Я дотрагиваюсь до бритвы кончиками пальцев и тут же отдёргиваю руку. Как будто это не пластик и металл, а что-то живое и горячее. Потом умываюсь ледяной водой, долго стою, держась за край раковины, и пытаюсь собрать себя в кучу.
Сегодня мне нужно ехать за свидетельством о смерти.
Даже писать это страшно. Ехать. За. Свидетельством. О смерти. Моего мужа.
Я собираюсь медленно, потому что меня качает. В голове шумит. На кухне остывает кофе, на который я опять сажусь вместо еды. Я заставляю себя сделать пару глотков воды. Думаю про омлет, про киви, про индейку, про эту рикотту с огурцом, и меня почти тошнит. Еда кажется чем-то из чужой жизни. Из нормальной. Из той, где люди планируют обед и ужин, а не получают документы на смерть.
В учреждении душно.
Сидят люди. Кто-то с детьми, кто-то с папками, кто-то просто уставший и раздражённый. Обычная очередь. Обычная жизнь. У кого-то проблемы с документами, у кого-то запись не туда, кто-то спорит в окошке из-за печати. И я сижу среди них с мыслью, что мне сейчас должны выдать бумагу, в которой официально написано, что Ильи больше нет.

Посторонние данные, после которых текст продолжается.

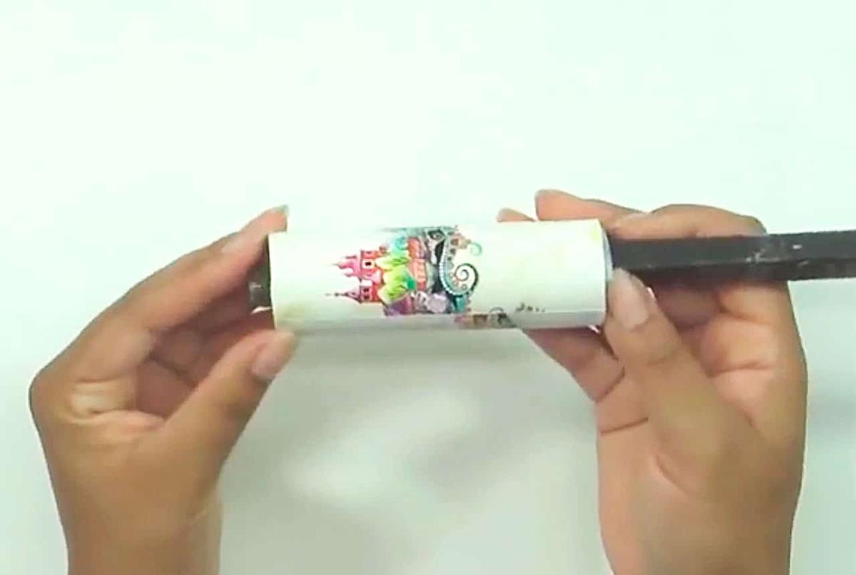 Forrar un tapa con el mismo papel que el resto y pegar en la parte superior con silicona caliente.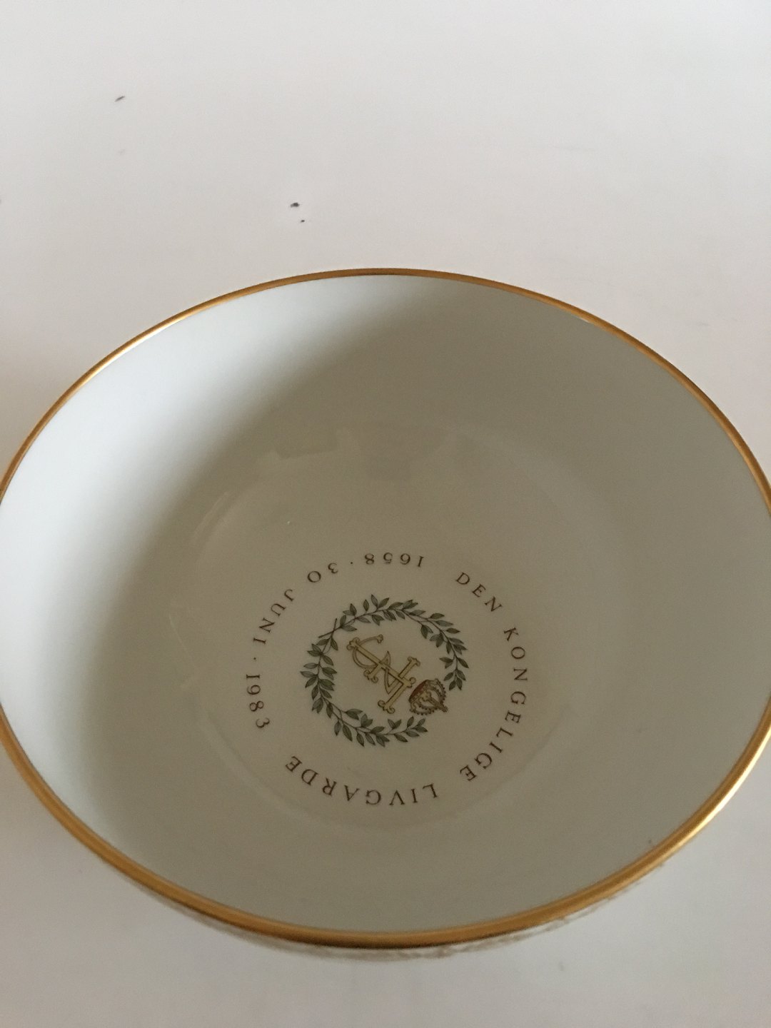 Royal Copenhagen Den Kongelige Livegarde Skål 325 års Jubilæum. Måler 24cm dia og 11cm høj. I perfekt stand.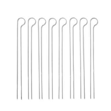 Set od 8 dvostrukih nabodača omogućuje lako i stabilno nabadanje mesa, povrća i drugih namirnica bez klizanja. Zahvaljujući paralelnim šiljcima, hrana ostaje na mjestu pri okretanju. Izrađeni su od kvalitetnog nehrđajućeg čelika te se mogu višekratno koristiti. Praktični su i jednostavni za čišćenje.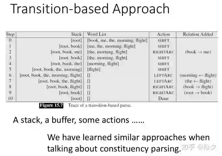 类似的,我们也可以用基于转移的方式来做依存解析。这部分可以参照上一期的 成分句法分析。模型要根据 Buffer 和 Stack 的内容,来决定要采取哪一个 action。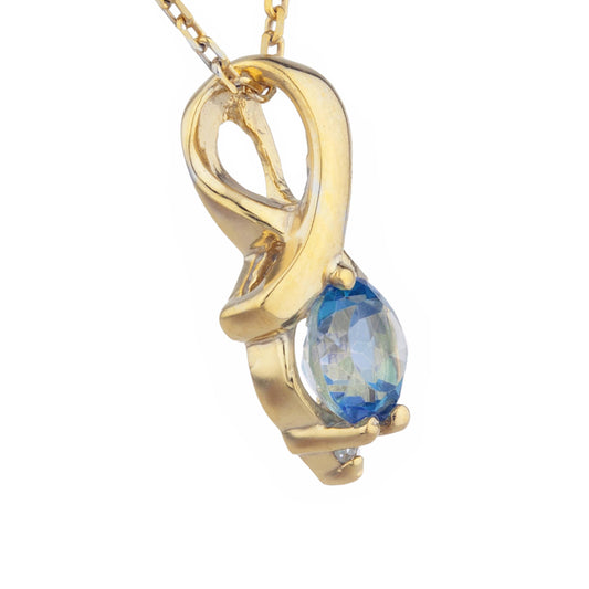 14Kt Gold Natural Blue Mystic Topaz & Diamond Round Design Pendant Necklace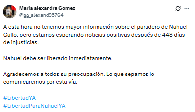 Sin embargo, manifestó que se mantienen a la espera de «noticias positivas» que pongan fin a los 448 días de injusticias.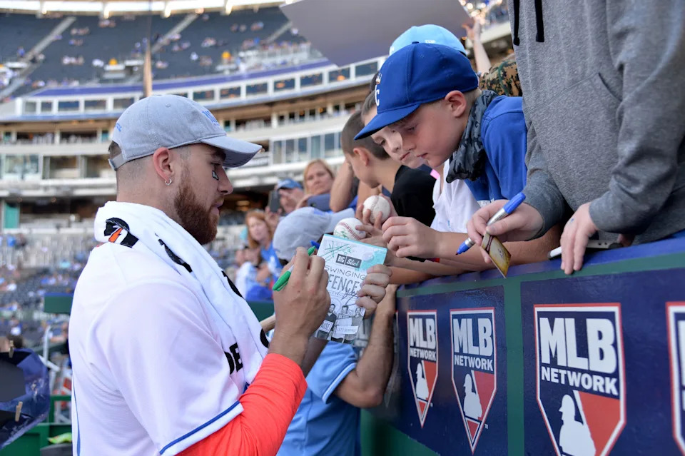 June 23, 2017: Travis Kelce signs autographs for fans during the Big Slick charity softball game before a Major League Baseball game between the Kansas City Royals and Toronto Blue Jays at Kauffman Stadium.

У меня номер в электронной очереди. Я смотрю на табло и не понимаю цифры. Они мелькают, меняются, а у меня перед глазами его лицо. Живое. Как он хмурится, когда читает новости. Как смеётся, запрокидывая голову. Как говорит Ане: «Пять минут и выходим», хотя, это всегда значило двадцать.
Мне становится жарко. Потом холодно. Потом резко закладывает уши.
Я сначала думаю, что просто сейчас встану и выйду на воздух. Даже пытаюсь подняться. Но пол куда-то уходит из-под ног. В глазах сереет, потом темнеет.
Когда я прихожу в себя, я лежу на жёсткой скамейке. Надо мной чьё-то лицо, чужое, встревоженное. Кто-то машет бумажкой, кто-то трогает за плечо. Женщина в форме говорит:
— Вам скорую вызвать?
Я не сразу понимаю, где я. Потом вспоминаю всё сразу, и меня накрывает такой волной, что хочется опять потерять сознание и не возвращаться.
— Не надо, — говорю я.
Голос у меня сиплый, слабый.
— Вам плохо, — говорит кто-то рядом. — Надо вызвать.
— Не надо, пожалуйста, — повторяю я. — Всё нормально, я просто давно не ела.
Это правда, но не вся. Не ела. Не спала. Не дышала толком все эти дни. Жила на кофе, на бумагах, на звонках, на каком-то чёрном автомате внутри, который пока ещё не сломался окончательно.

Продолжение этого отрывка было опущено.